Task to complete →
Beneath this instruction is a listing. Transcribe from it only the stretch from the line with "ご飯とお肉と野菜!全学年もりもりたくさん食べていました。" through the line with "目前仍有876个职位无人报考", both end lines included, exactly as written.

Input records →
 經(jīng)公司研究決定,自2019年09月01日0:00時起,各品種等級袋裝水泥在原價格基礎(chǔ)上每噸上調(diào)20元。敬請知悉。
--
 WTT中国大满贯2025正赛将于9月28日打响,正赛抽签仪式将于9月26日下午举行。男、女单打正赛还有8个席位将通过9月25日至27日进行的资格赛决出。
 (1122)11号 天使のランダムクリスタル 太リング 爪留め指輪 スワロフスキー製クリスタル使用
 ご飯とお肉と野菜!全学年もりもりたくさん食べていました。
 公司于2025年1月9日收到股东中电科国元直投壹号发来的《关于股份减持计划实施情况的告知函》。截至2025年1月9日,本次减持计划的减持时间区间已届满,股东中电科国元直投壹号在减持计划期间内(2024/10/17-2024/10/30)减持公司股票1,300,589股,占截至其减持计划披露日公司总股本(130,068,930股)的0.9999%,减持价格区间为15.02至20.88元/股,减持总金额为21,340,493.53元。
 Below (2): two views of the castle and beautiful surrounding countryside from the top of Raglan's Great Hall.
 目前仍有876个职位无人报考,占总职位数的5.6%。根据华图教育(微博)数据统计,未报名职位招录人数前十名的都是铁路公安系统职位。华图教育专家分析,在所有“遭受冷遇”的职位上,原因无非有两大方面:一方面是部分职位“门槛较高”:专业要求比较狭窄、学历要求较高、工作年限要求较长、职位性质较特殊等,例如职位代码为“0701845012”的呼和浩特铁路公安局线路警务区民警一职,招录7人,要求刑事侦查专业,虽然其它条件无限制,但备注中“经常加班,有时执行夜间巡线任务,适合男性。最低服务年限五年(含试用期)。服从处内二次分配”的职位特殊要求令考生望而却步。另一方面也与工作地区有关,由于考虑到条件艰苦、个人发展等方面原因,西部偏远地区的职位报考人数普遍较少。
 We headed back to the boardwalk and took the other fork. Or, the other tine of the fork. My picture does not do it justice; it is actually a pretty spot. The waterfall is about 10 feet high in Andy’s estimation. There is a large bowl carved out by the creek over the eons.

Solved exercise →
 ご飯とお肉と野菜!全学年もりもりたくさん食べていました。
 公司于2025年1月9日收到股东中电科国元直投壹号发来的《关于股份减持计划实施情况的告知函》。截至2025年1月9日,本次减持计划的减持时间区间已届满,股东中电科国元直投壹号在减持计划期间内(2024/10/17-2024/10/30)减持公司股票1,300,589股,占截至其减持计划披露日公司总股本(130,068,930股)的0.9999%,减持价格区间为15.02至20.88元/股,减持总金额为21,340,493.53元。
 Below (2): two views of the castle and beautiful surrounding countryside from the top of Raglan's Great Hall.
 目前仍有876个职位无人报考,占总职位数的5.6%。根据华图教育(微博)数据统计,未报名职位招录人数前十名的都是铁路公安系统职位。华图教育专家分析,在所有“遭受冷遇”的职位上,原因无非有两大方面:一方面是部分职位“门槛较高”:专业要求比较狭窄、学历要求较高、工作年限要求较长、职位性质较特殊等,例如职位代码为“0701845012”的呼和浩特铁路公安局线路警务区民警一职,招录7人,要求刑事侦查专业,虽然其它条件无限制,但备注中“经常加班,有时执行夜间巡线任务,适合男性。最低服务年限五年(含试用期)。服从处内二次分配”的职位特殊要求令考生望而却步。另一方面也与工作地区有关,由于考虑到条件艰苦、个人发展等方面原因,西部偏远地区的职位报考人数普遍较少。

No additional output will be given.